[[ SUPPLIED MATERIAL, beginning ]]

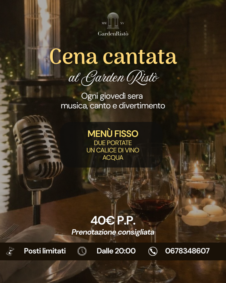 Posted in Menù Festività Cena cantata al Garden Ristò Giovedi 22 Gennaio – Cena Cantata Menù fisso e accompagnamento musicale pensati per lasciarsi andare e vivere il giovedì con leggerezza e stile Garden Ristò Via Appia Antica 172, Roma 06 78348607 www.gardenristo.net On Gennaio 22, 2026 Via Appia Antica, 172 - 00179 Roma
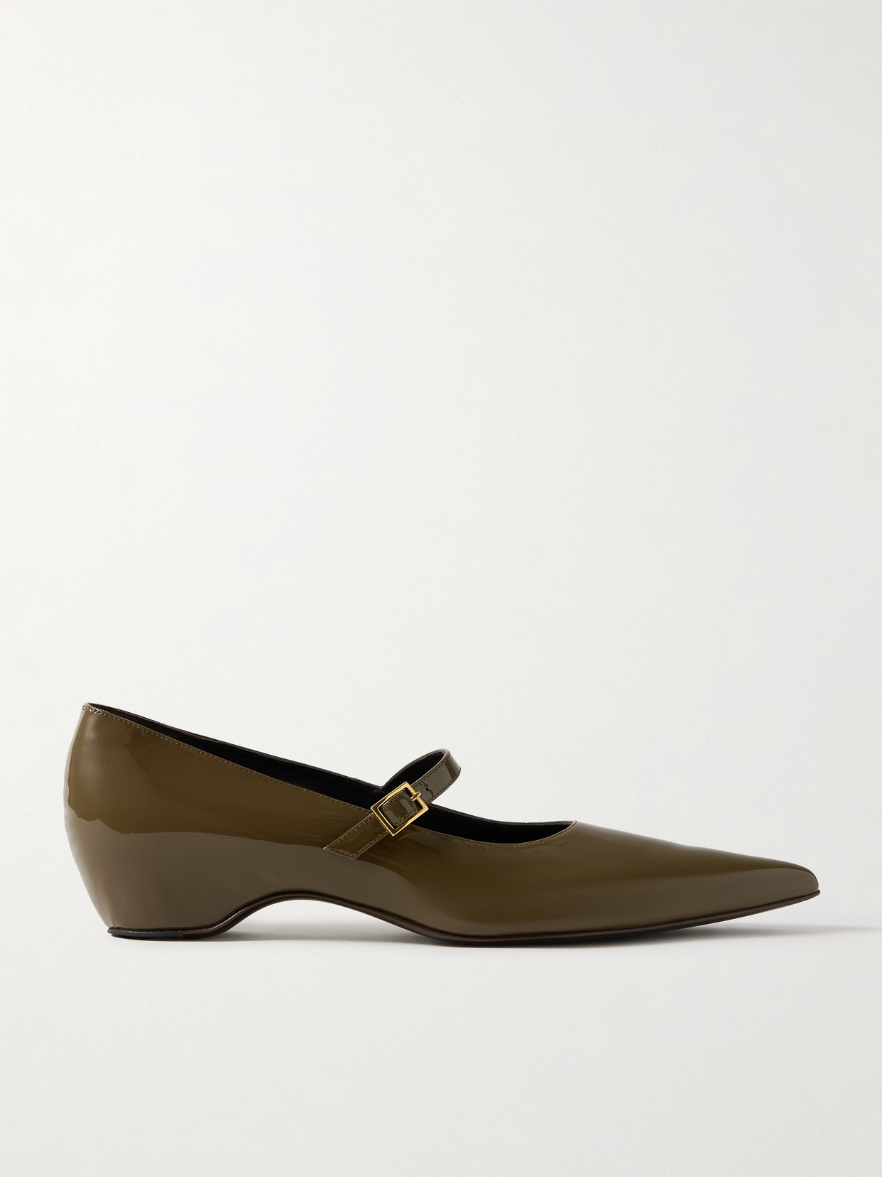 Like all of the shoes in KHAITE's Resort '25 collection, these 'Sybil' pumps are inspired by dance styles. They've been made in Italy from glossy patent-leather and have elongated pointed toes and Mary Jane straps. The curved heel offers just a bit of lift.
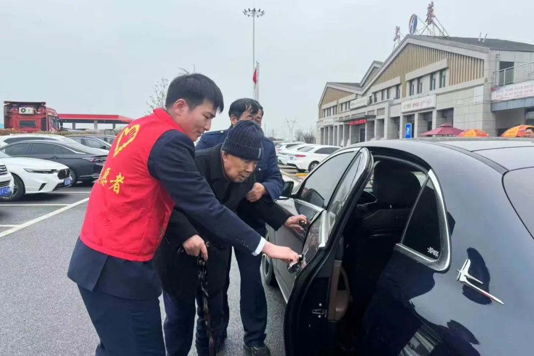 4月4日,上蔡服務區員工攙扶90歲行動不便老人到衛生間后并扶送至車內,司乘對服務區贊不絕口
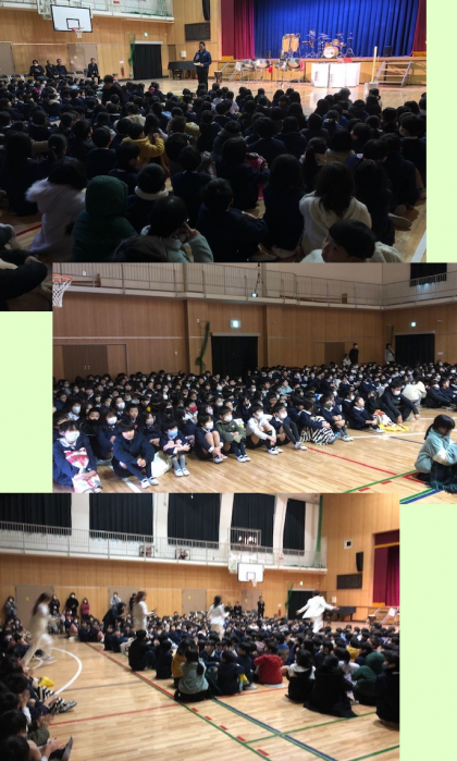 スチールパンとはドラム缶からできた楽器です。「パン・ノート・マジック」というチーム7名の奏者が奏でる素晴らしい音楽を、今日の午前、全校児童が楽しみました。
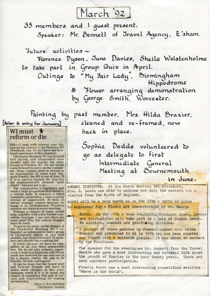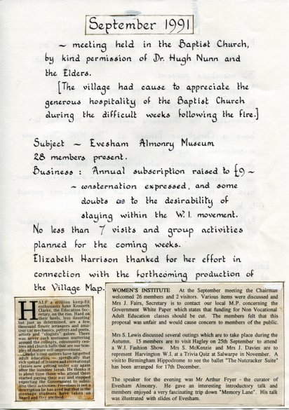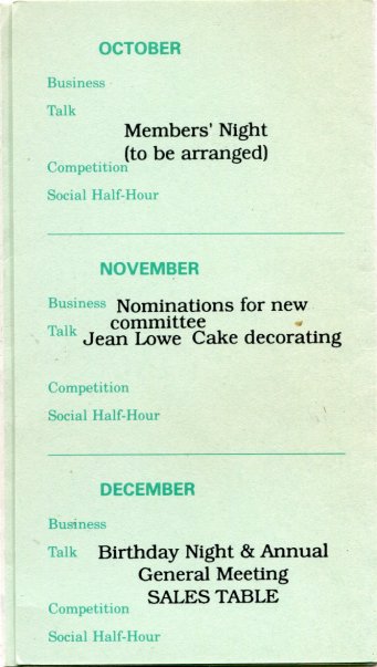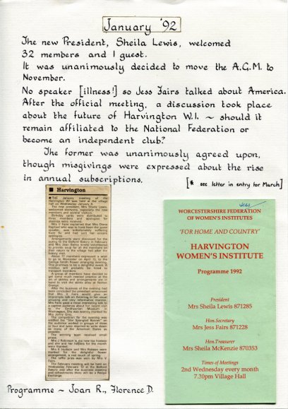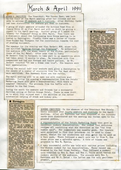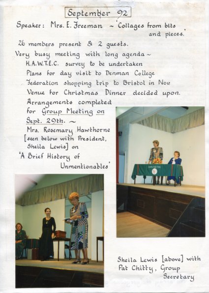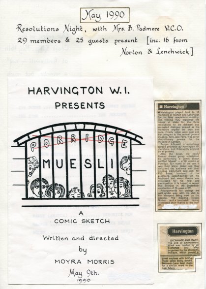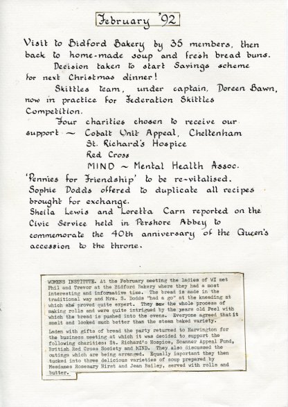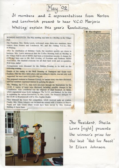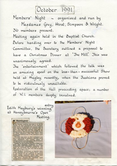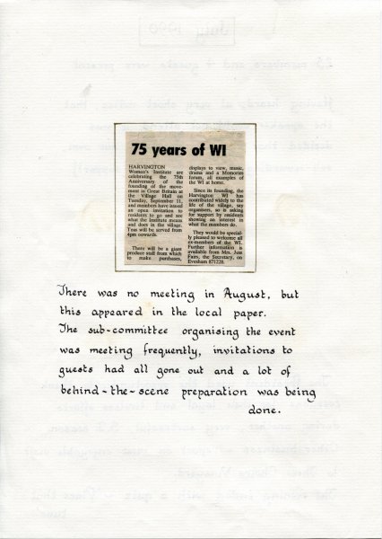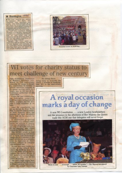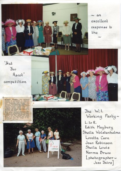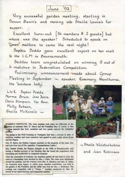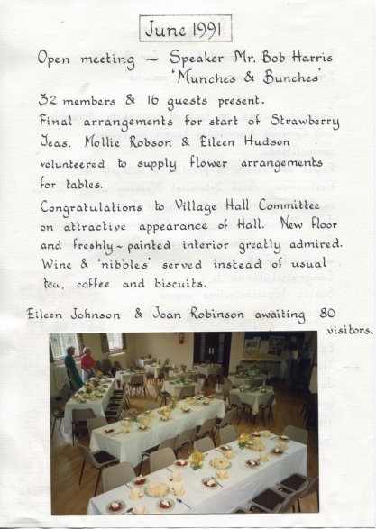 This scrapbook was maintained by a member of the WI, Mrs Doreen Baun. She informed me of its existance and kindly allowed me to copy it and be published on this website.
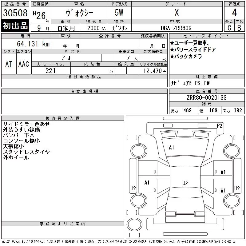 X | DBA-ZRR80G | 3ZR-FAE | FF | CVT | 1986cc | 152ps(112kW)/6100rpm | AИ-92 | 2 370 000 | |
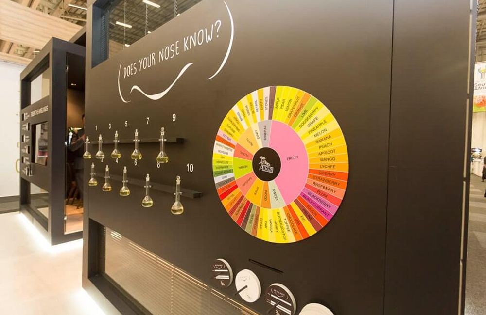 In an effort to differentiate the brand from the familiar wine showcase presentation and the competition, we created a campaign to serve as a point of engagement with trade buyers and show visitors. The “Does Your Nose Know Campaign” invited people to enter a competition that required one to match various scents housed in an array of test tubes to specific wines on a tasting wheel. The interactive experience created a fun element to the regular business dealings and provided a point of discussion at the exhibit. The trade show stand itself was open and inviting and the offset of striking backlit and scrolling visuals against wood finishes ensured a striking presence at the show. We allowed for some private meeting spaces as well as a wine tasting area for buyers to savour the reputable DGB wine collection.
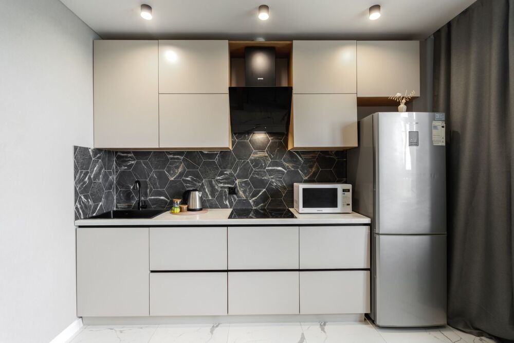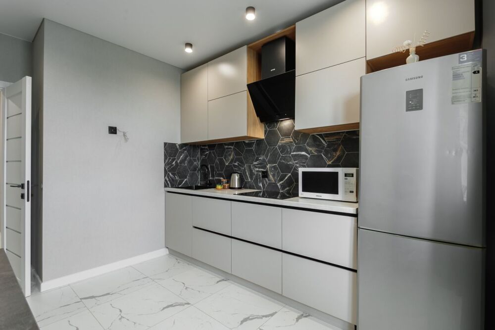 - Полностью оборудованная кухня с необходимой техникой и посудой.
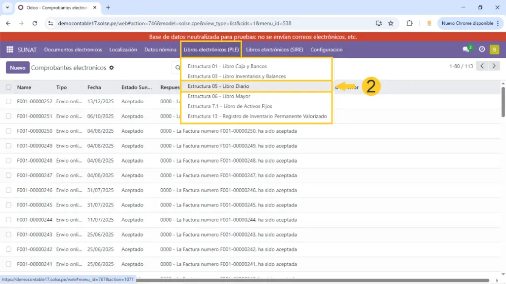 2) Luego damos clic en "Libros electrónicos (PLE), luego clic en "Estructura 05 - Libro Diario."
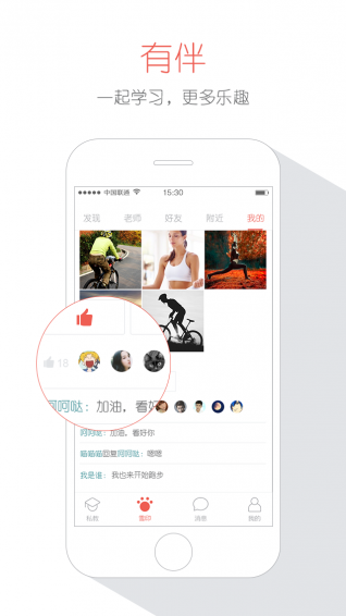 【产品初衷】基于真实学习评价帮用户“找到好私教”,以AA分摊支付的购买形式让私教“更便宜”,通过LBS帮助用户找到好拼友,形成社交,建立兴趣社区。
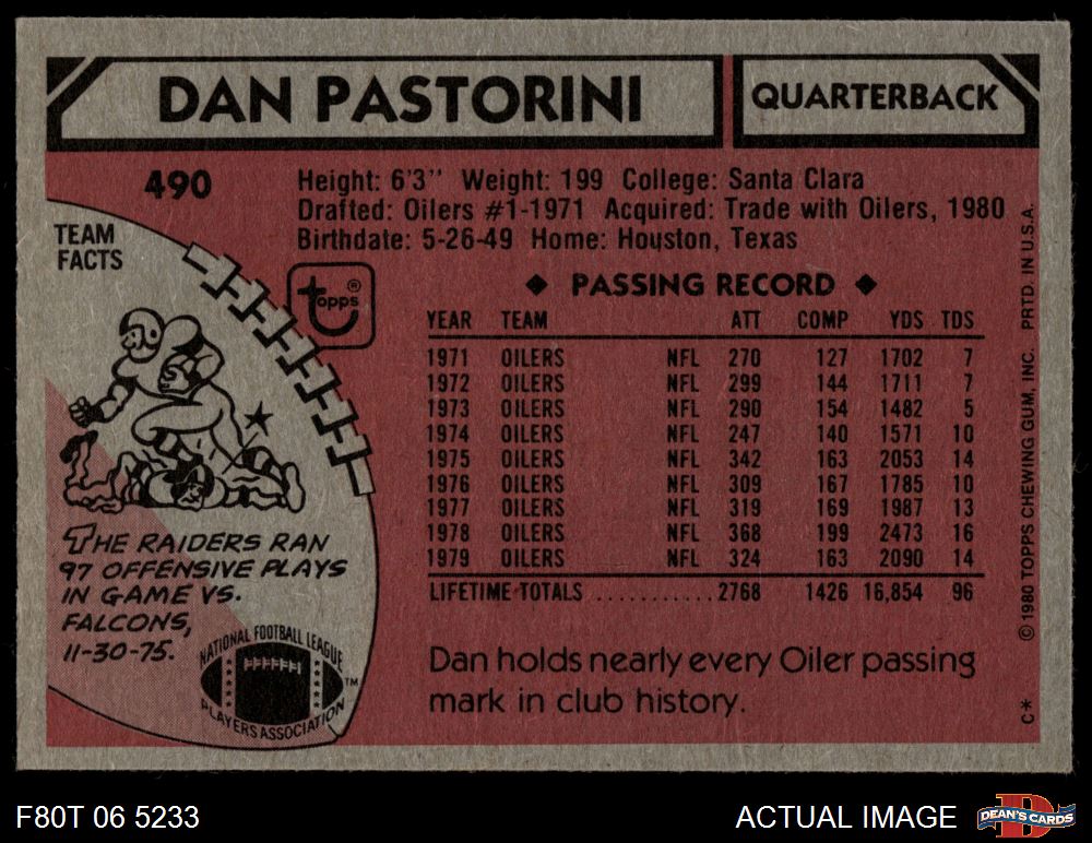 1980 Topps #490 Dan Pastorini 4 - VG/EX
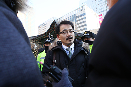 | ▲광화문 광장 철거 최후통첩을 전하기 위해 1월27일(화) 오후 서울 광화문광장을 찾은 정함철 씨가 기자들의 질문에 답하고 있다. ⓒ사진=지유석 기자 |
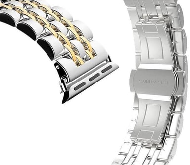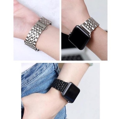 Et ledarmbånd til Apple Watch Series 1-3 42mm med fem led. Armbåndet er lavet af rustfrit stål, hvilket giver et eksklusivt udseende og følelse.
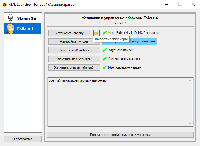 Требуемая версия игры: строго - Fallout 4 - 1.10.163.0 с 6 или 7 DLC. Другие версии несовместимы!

[[ SUPPLIED MATERIAL, end ]]

● **WORK REQUIRED**
Without the pictures, print all of the records exactly.

● **SOLUTION**
 Posted in Menù Festività Cena cantata al Garden Ristò Giovedi 22 Gennaio – Cena Cantata Menù fisso e accompagnamento musicale pensati per lasciarsi andare e vivere il giovedì con leggerezza e stile Garden Ristò Via Appia Antica 172, Roma 06 78348607 www.gardenristo.net On Gennaio 22, 2026 Via Appia Antica, 172 - 00179 Roma
 Like all of the shoes in KHAITE's Resort '25 collection, these 'Sybil' pumps are inspired by dance styles. They've been made in Italy from glossy patent-leather and have elongated pointed toes and Mary Jane straps. The curved heel offers just a bit of lift.
 4月4日,上蔡服務區員工攙扶90歲行動不便老人到衛生間后并扶送至車內,司乘對服務區贊不絕口
 スチールパンとはドラム缶からできた楽器です。「パン・ノート・マジック」というチーム7名の奏者が奏でる素晴らしい音楽を、今日の午前、全校児童が楽しみました。
 This scrapbook was maintained by a member of the WI, Mrs Doreen Baun. She informed me of its existance and kindly allowed me to copy it and be published on this website.
 X | DBA-ZRR80G | 3ZR-FAE | FF | CVT | 1986cc | 152ps(112kW)/6100rpm | AИ-92 | 2 370 000 | |
 In an effort to differentiate the brand from the familiar wine showcase presentation and the competition, we created a campaign to serve as a point of engagement with trade buyers and show visitors. The “Does Your Nose Know Campaign” invited people to enter a competition that required one to match various scents housed in an array of test tubes to specific wines on a tasting wheel. The interactive experience created a fun element to the regular business dealings and provided a point of discussion at the exhibit. The trade show stand itself was open and inviting and the offset of striking backlit and scrolling visuals against wood finishes ensured a striking presence at the show. We allowed for some private meeting spaces as well as a wine tasting area for buyers to savour the reputable DGB wine collection.
 - Полностью оборудованная кухня с необходимой техникой и посудой.
 2) Luego damos clic en "Libros electrónicos (PLE), luego clic en "Estructura 05 - Libro Diario."
 【产品初衷】基于真实学习评价帮用户“找到好私教”,以AA分摊支付的购买形式让私教“更便宜”,通过LBS帮助用户找到好拼友,形成社交,建立兴趣社区。
 1980 Topps #490 Dan Pastorini 4 - VG/EX
 | ▲광화문 광장 철거 최후통첩을 전하기 위해 1월27일(화) 오후 서울 광화문광장을 찾은 정함철 씨가 기자들의 질문에 답하고 있다. ⓒ사진=지유석 기자 |
 Et ledarmbånd til Apple Watch Series 1-3 42mm med fem led. Armbåndet er lavet af rustfrit stål, hvilket giver et eksklusivt udseende og følelse.
 Требуемая версия игры: строго - Fallout 4 - 1.10.163.0 с 6 или 7 DLC. Другие версии несовместимы!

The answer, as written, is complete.